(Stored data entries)
↓

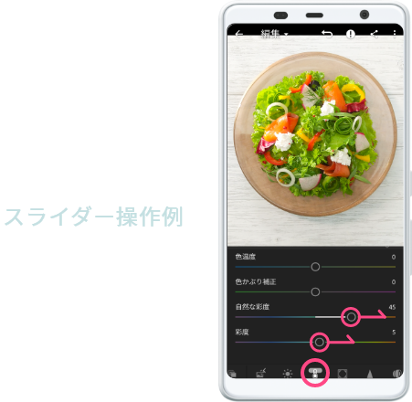 彩度調整は写真の中にあるあらゆる色味を調整する機能です。
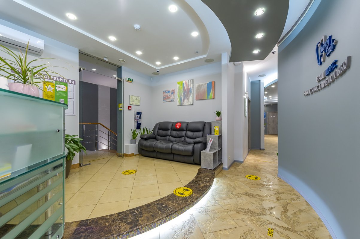 Очень хорошая клиника. Есть комната для детей, поиграть чтоб не скучали и не волновались, ожидая приема. Красивый интерьер, уютные диваны.
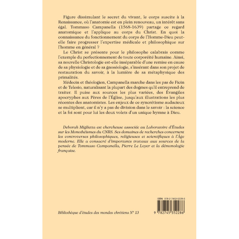 Figure dissimulant le secret du vivant, le corps suscite à la Renaissance, où l’anatomie est en plein renouveau, un intérêt sans égal. Tommaso Campanella (1568-1639) partage ce regard anatomique et l’applique au corps du Christ. En quoi la connaissance du fonctionnement du corps de l’Homme-Dieu peut-elle faire progresser l’expertise médicale et philosophique sur l’homme en général ?
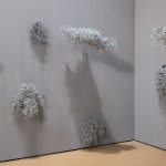 In questo contesto si inserisce GARGOFANIE, un’indagine poetica e materica sulla soglia, sul confine tra opposti – pieno e vuoto, interiore ed esteriore, concreto e immaginario. Il titolo richiama le garguglie medievali: creature liminari nate per espellere l’acqua dagli edifici, divenute figure mitologiche a metà tra funzione e mistero. Come le garguglie, le opere di Levo Rosenberg emergono da una tensione tra distruzione e rigenerazione, realizzate a partire da lastre radiografiche decostruite e rielaborate in filamenti che diventano trama, immagine e linguaggio.
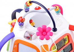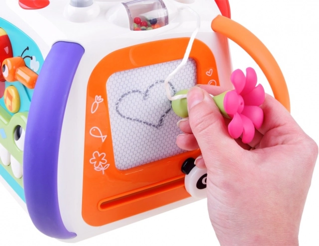 Edukativna multikocka HOLA donosi bogat spektar aktivnosti u jednoj kompaktnoj igrački. Svaka strana nudi drugu vještinu: od crtanja na znikopisu, preko okretanja zupčanika, do otkrivanja životinja ispod listića sa zvučnim povratnim informacijama. Gornji dio krasi labirint s perlicama koji potiče koordinaciju ruka-oko.
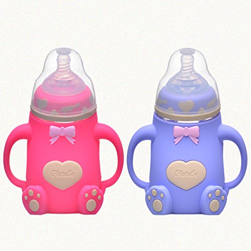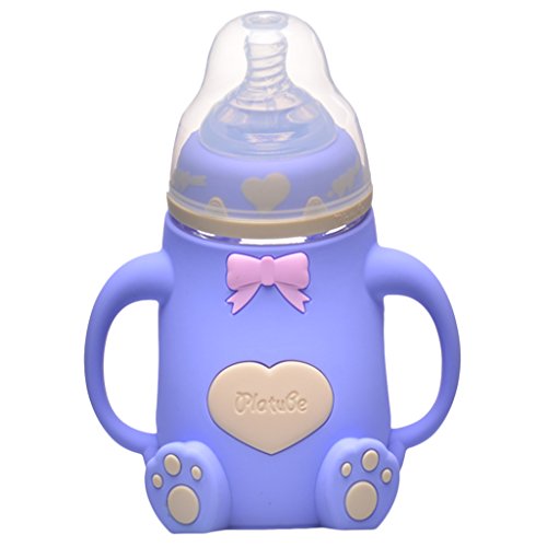 Baoblaze 赤ちゃん 幼児専用 母乳実感哺乳びん ミルクボトル 哺乳瓶 耐熱ガラス 240ml 全6色 - 青
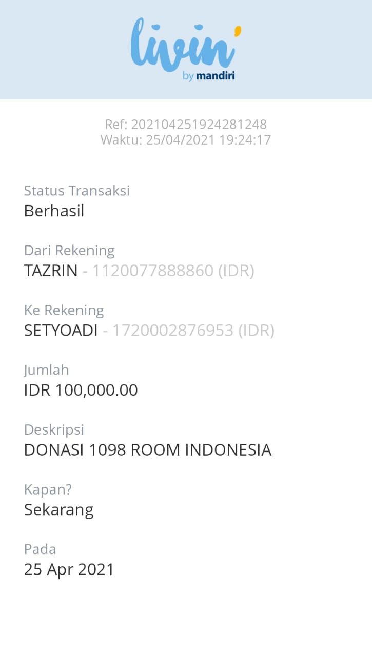 | 445 | 25-04-2021 | Rp 100.000,- | - | Donasi untuk 10-98 Spesial Ramadhan dari JZ06BGR | Ada | - |
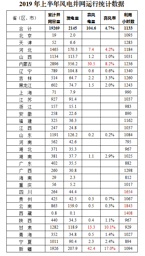 據行業統計,2019年1-6月,全國新增風電裝機容量909萬千瓦,其中海上風電40萬千瓦,累計并網裝機容量達到1.93億千瓦。2019年1-6月,全國風電發電量2145億千瓦時,同比增長11.5%;全國平均風電利用小時數1133小時,同比下降10小時。1-6月,全國棄風電量105億千瓦時,同比減少77億千瓦時;全國平均風電利用率95.3%,平均棄風率4.7%,棄風率同比下降4.0個百分點。全國棄風電量和棄風率持續“雙降”。 2019年1-6月,平均利用小時數較高的省份是云南(1843小時)、四川(1654小時)。 2019年1-6月,棄風仍較為嚴重的地區是新疆(棄風率17.0%、棄風電量42.4億千瓦時)、甘肅(棄風率10.1%、棄風電量13.3億千瓦時)、內蒙古(棄風率8.2%、棄風電量30.5億千瓦時)。
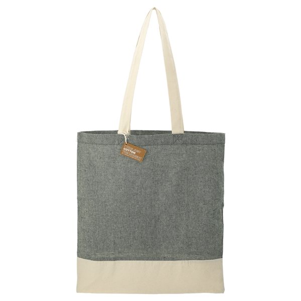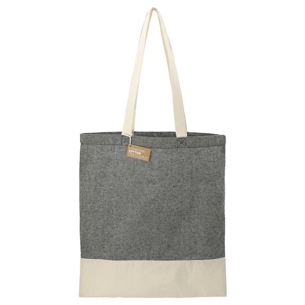 - High recycled content: Each Split Recycled 5oz Cotton Twill Convention Tote contains approximately 70%-80% recycled cotton and 20%-30% RPET, helping reduce demand for virgin materials.
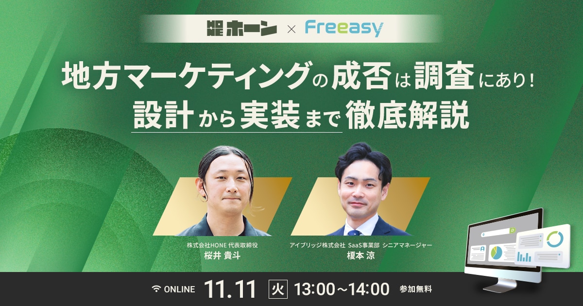 | セミナー名 | 【Freeasy×HONE共催オンラインセミナー】 地方マーケティングの成否は調査にあり!設計から実装まで徹底解説 |
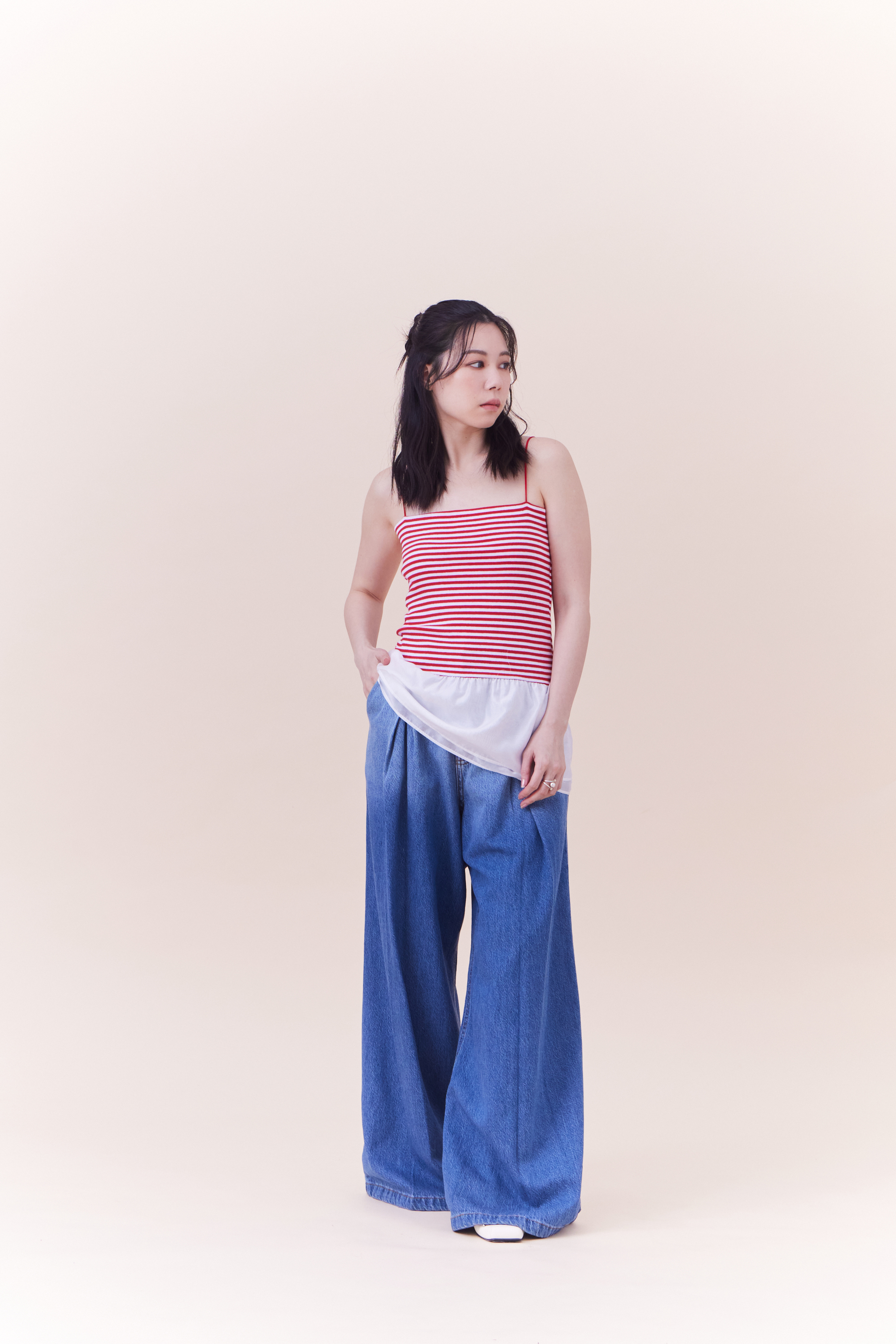 愛心銀標小可愛澎袖條紋襯衫(咩冷同款)
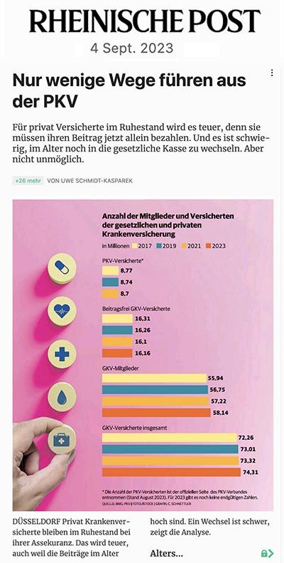 "Für privat Versicherte im Ruhestand wird es teuer, denn sie müssen ihren Beitrag jetzt allein bezahlen. Und es ist schwierig, im Alter noch in die gesetzliche Kasse zu wechseln. Aber nicht unmöglich.
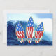 An American flag and triple surfboards combine to make this patriotic graphic that says "Surf America". Customize this card for your next luau, BBQ, party or with any greeting.
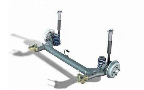 說完了獨(dú)立式懸掛,我們再來說說非獨(dú)立的,其中最有名,使用最廣泛的當(dāng)然就是扭力梁式(又稱拖曳臂式)半獨(dú)立懸掛。它是用一根粗大的扭力梁把左右兩側(cè)的縱向搖臂焊接在一起,這種懸掛的優(yōu)點(diǎn)是結(jié)構(gòu)簡單,左右兩側(cè)車輪處所占用的空間很少,同時車身的外傾角沒有變化,避震器不發(fā)生彎曲應(yīng)力,所以摩擦小,乘坐性佳。如果調(diào)校得當(dāng),可以用最少的成本和空間達(dá)到最好的效果,所以現(xiàn)在的小型車和緊湊型車多采用這種形式的后懸掛。
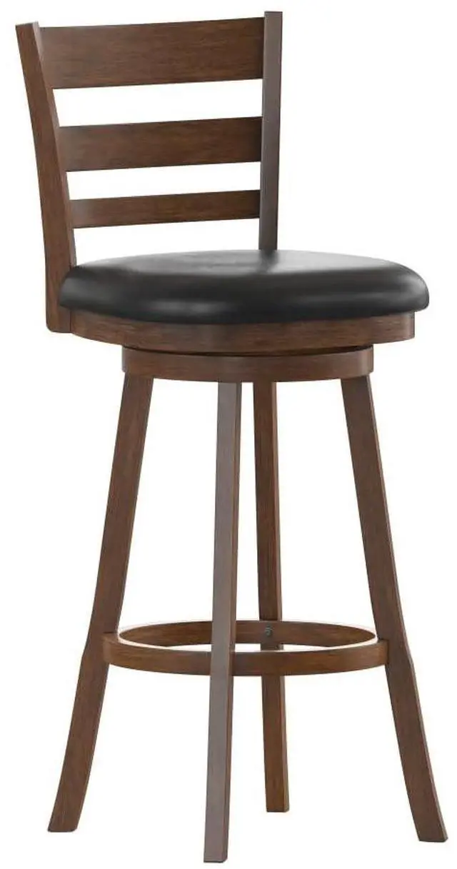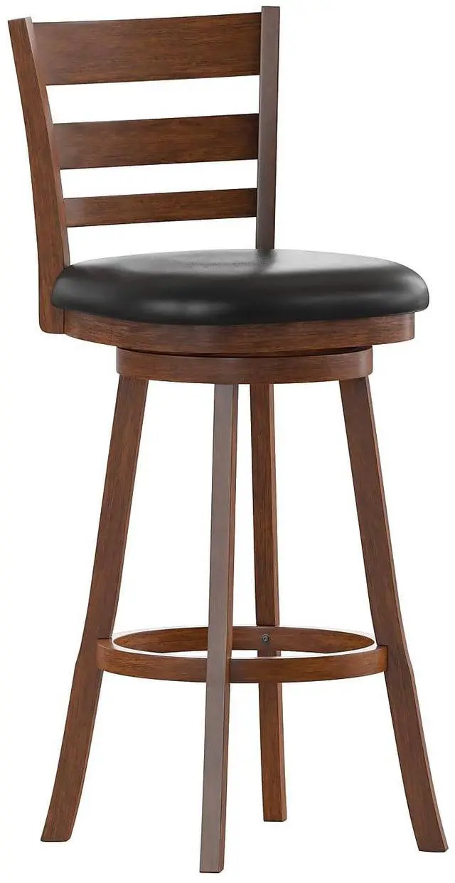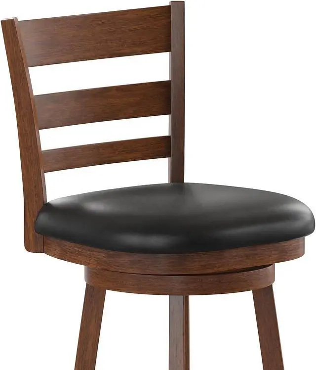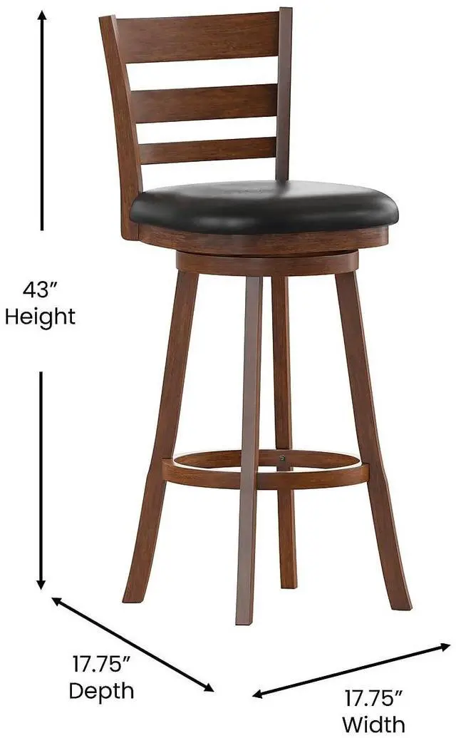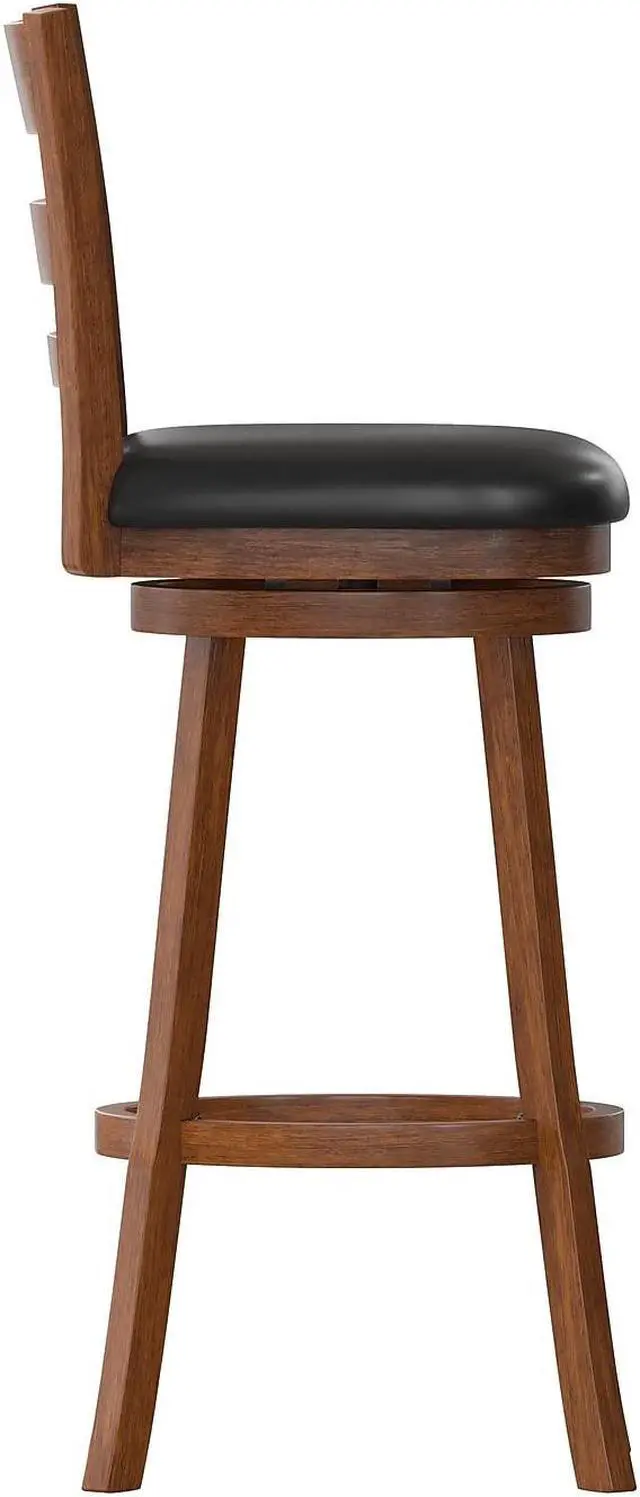 - Classic Commercial Ladderback Swivel Bar Height Stool with LeatherSoft Seat.
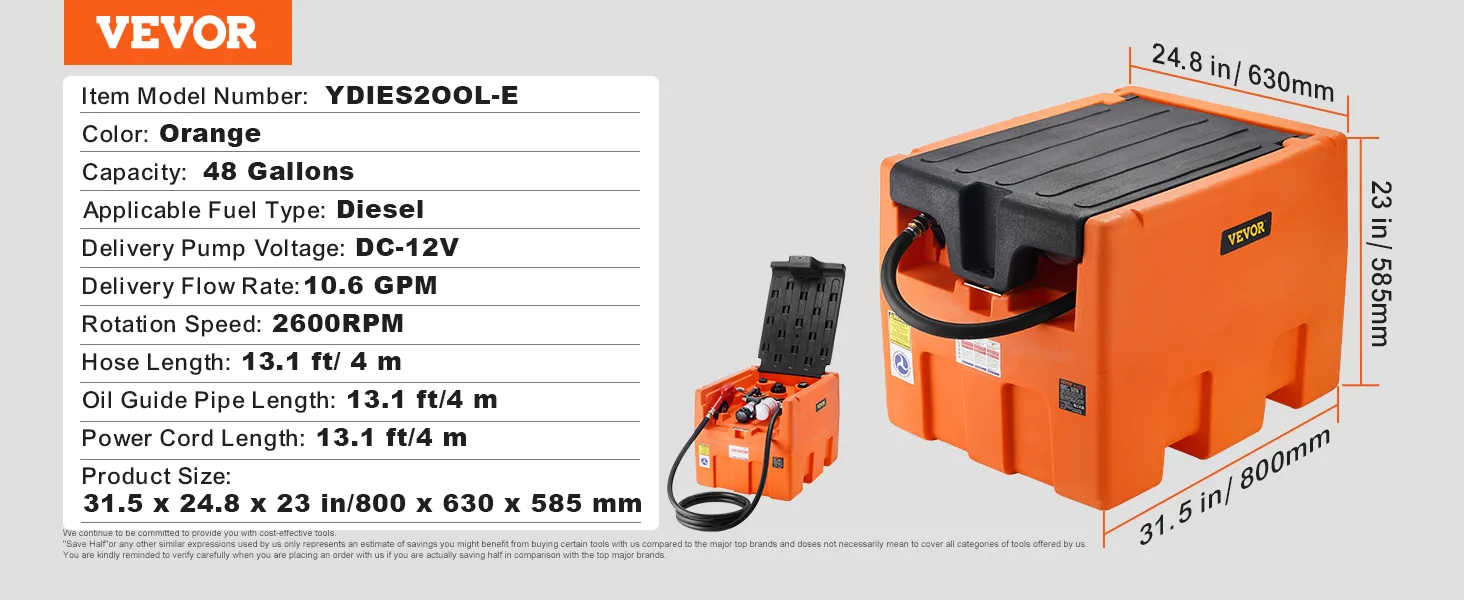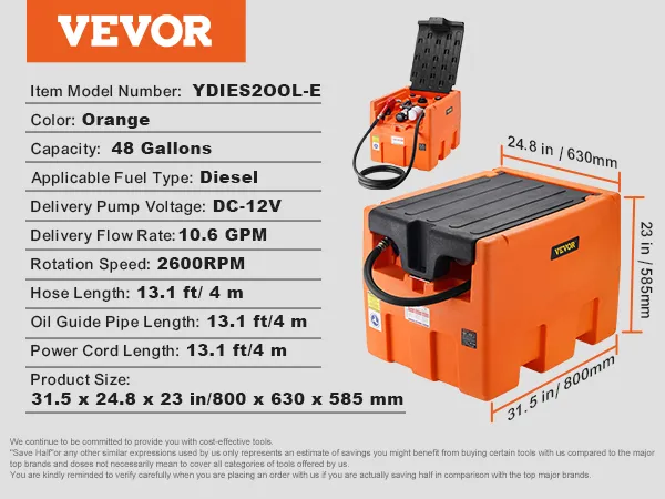 VEVOR Portable Diesel Tank, 48 Gallon, 10.6GPM Flow Rate, Diesel Fuel Tank with 12V Electric Transfer Pump, 13.1 ft Hose, Auto Fueling Nozzle, Diesel Transfer Tank for Easy Fuel Transportation, Orange
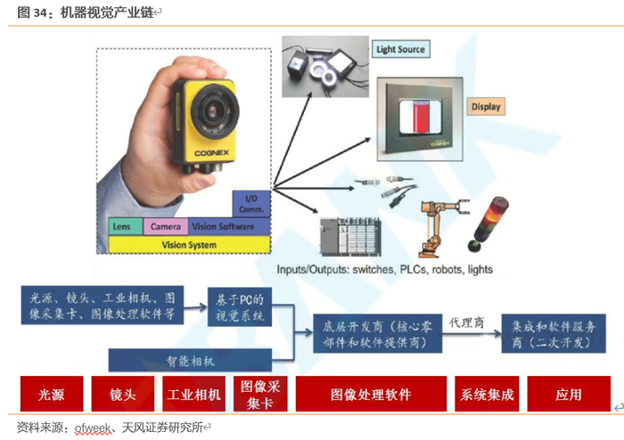 机器视觉:5G工业的“眼睛”。机器视觉(Machine Vision)指的是通过光学的装置和非接触的传感器自动的接收和处理真实物体的图像,以获得所需信息或控制机器人运动的装置,就是应用在工业领域的视觉应用。机器视觉的基础功能主要可以分为四大类:模式识别/计数、视觉定位、尺寸测量和外观检测。从产业链来看,机器视觉包括光源、镜头、工业相机、图像采集卡、图像处理软件、系统集成以及应用等,具体看镜头,工业镜头主要可以分为定焦镜头、定倍镜头、远心镜头、连续变倍镜头等,不同的镜头根据要求应用于不同的工业现场。
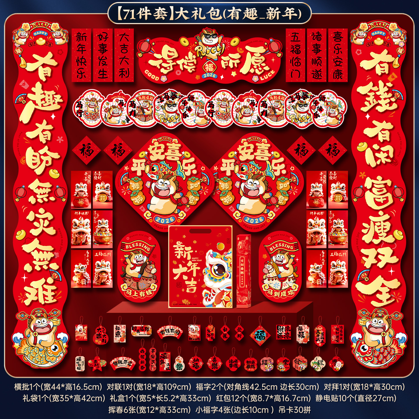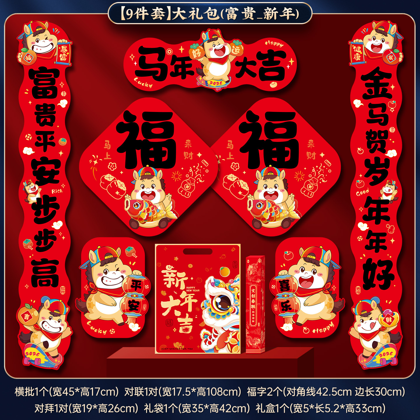 2026马年新年对联春联大礼包新款春节家用福字大门贴过年装饰布置
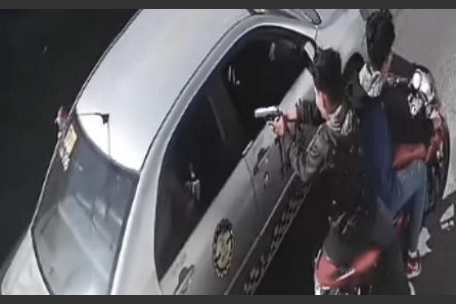 Una cámara de seguridad captó el momento en que dos sicarios atacan al pasajero de un taxi de Santa Catarina Pinula.

↑

A word-for-word copy of the data, without its pictures, is what is needed.

 彩度調整は写真の中にあるあらゆる色味を調整する機能です。
 Очень хорошая клиника. Есть комната для детей, поиграть чтоб не скучали и не волновались, ожидая приема. Красивый интерьер, уютные диваны.
 Figure dissimulant le secret du vivant, le corps suscite à la Renaissance, où l’anatomie est en plein renouveau, un intérêt sans égal. Tommaso Campanella (1568-1639) partage ce regard anatomique et l’applique au corps du Christ. En quoi la connaissance du fonctionnement du corps de l’Homme-Dieu peut-elle faire progresser l’expertise médicale et philosophique sur l’homme en général ?
 In questo contesto si inserisce GARGOFANIE, un’indagine poetica e materica sulla soglia, sul confine tra opposti – pieno e vuoto, interiore ed esteriore, concreto e immaginario. Il titolo richiama le garguglie medievali: creature liminari nate per espellere l’acqua dagli edifici, divenute figure mitologiche a metà tra funzione e mistero. Come le garguglie, le opere di Levo Rosenberg emergono da una tensione tra distruzione e rigenerazione, realizzate a partire da lastre radiografiche decostruite e rielaborate in filamenti che diventano trama, immagine e linguaggio.
 Edukativna multikocka HOLA donosi bogat spektar aktivnosti u jednoj kompaktnoj igrački. Svaka strana nudi drugu vještinu: od crtanja na znikopisu, preko okretanja zupčanika, do otkrivanja životinja ispod listića sa zvučnim povratnim informacijama. Gornji dio krasi labirint s perlicama koji potiče koordinaciju ruka-oko.
 Baoblaze 赤ちゃん 幼児専用 母乳実感哺乳びん ミルクボトル 哺乳瓶 耐熱ガラス 240ml 全6色 - 青
 | 445 | 25-04-2021 | Rp 100.000,- | - | Donasi untuk 10-98 Spesial Ramadhan dari JZ06BGR | Ada | - |
 據行業統計,2019年1-6月,全國新增風電裝機容量909萬千瓦,其中海上風電40萬千瓦,累計并網裝機容量達到1.93億千瓦。2019年1-6月,全國風電發電量2145億千瓦時,同比增長11.5%;全國平均風電利用小時數1133小時,同比下降10小時。1-6月,全國棄風電量105億千瓦時,同比減少77億千瓦時;全國平均風電利用率95.3%,平均棄風率4.7%,棄風率同比下降4.0個百分點。全國棄風電量和棄風率持續“雙降”。 2019年1-6月,平均利用小時數較高的省份是云南(1843小時)、四川(1654小時)。 2019年1-6月,棄風仍較為嚴重的地區是新疆(棄風率17.0%、棄風電量42.4億千瓦時)、甘肅(棄風率10.1%、棄風電量13.3億千瓦時)、內蒙古(棄風率8.2%、棄風電量30.5億千瓦時)。
 - High recycled content: Each Split Recycled 5oz Cotton Twill Convention Tote contains approximately 70%-80% recycled cotton and 20%-30% RPET, helping reduce demand for virgin materials.
 | セミナー名 | 【Freeasy×HONE共催オンラインセミナー】 地方マーケティングの成否は調査にあり!設計から実装まで徹底解説 |
 愛心銀標小可愛澎袖條紋襯衫(咩冷同款)
 "Für privat Versicherte im Ruhestand wird es teuer, denn sie müssen ihren Beitrag jetzt allein bezahlen. Und es ist schwierig, im Alter noch in die gesetzliche Kasse zu wechseln. Aber nicht unmöglich.
 An American flag and triple surfboards combine to make this patriotic graphic that says "Surf America". Customize this card for your next luau, BBQ, party or with any greeting.
 說完了獨(dú)立式懸掛,我們再來說說非獨(dú)立的,其中最有名,使用最廣泛的當(dāng)然就是扭力梁式(又稱拖曳臂式)半獨(dú)立懸掛。它是用一根粗大的扭力梁把左右兩側(cè)的縱向搖臂焊接在一起,這種懸掛的優(yōu)點(diǎn)是結(jié)構(gòu)簡單,左右兩側(cè)車輪處所占用的空間很少,同時車身的外傾角沒有變化,避震器不發(fā)生彎曲應(yīng)力,所以摩擦小,乘坐性佳。如果調(diào)校得當(dāng),可以用最少的成本和空間達(dá)到最好的效果,所以現(xiàn)在的小型車和緊湊型車多采用這種形式的后懸掛。
 - Classic Commercial Ladderback Swivel Bar Height Stool with LeatherSoft Seat.
 VEVOR Portable Diesel Tank, 48 Gallon, 10.6GPM Flow Rate, Diesel Fuel Tank with 12V Electric Transfer Pump, 13.1 ft Hose, Auto Fueling Nozzle, Diesel Transfer Tank for Easy Fuel Transportation, Orange
 机器视觉:5G工业的“眼睛”。机器视觉(Machine Vision)指的是通过光学的装置和非接触的传感器自动的接收和处理真实物体的图像,以获得所需信息或控制机器人运动的装置,就是应用在工业领域的视觉应用。机器视觉的基础功能主要可以分为四大类:模式识别/计数、视觉定位、尺寸测量和外观检测。从产业链来看,机器视觉包括光源、镜头、工业相机、图像采集卡、图像处理软件、系统集成以及应用等,具体看镜头,工业镜头主要可以分为定焦镜头、定倍镜头、远心镜头、连续变倍镜头等,不同的镜头根据要求应用于不同的工业现场。
 2026马年新年对联春联大礼包新款春节家用福字大门贴过年装饰布置
 Una cámara de seguridad captó el momento en que dos sicarios atacan al pasajero de un taxi de Santa Catarina Pinula.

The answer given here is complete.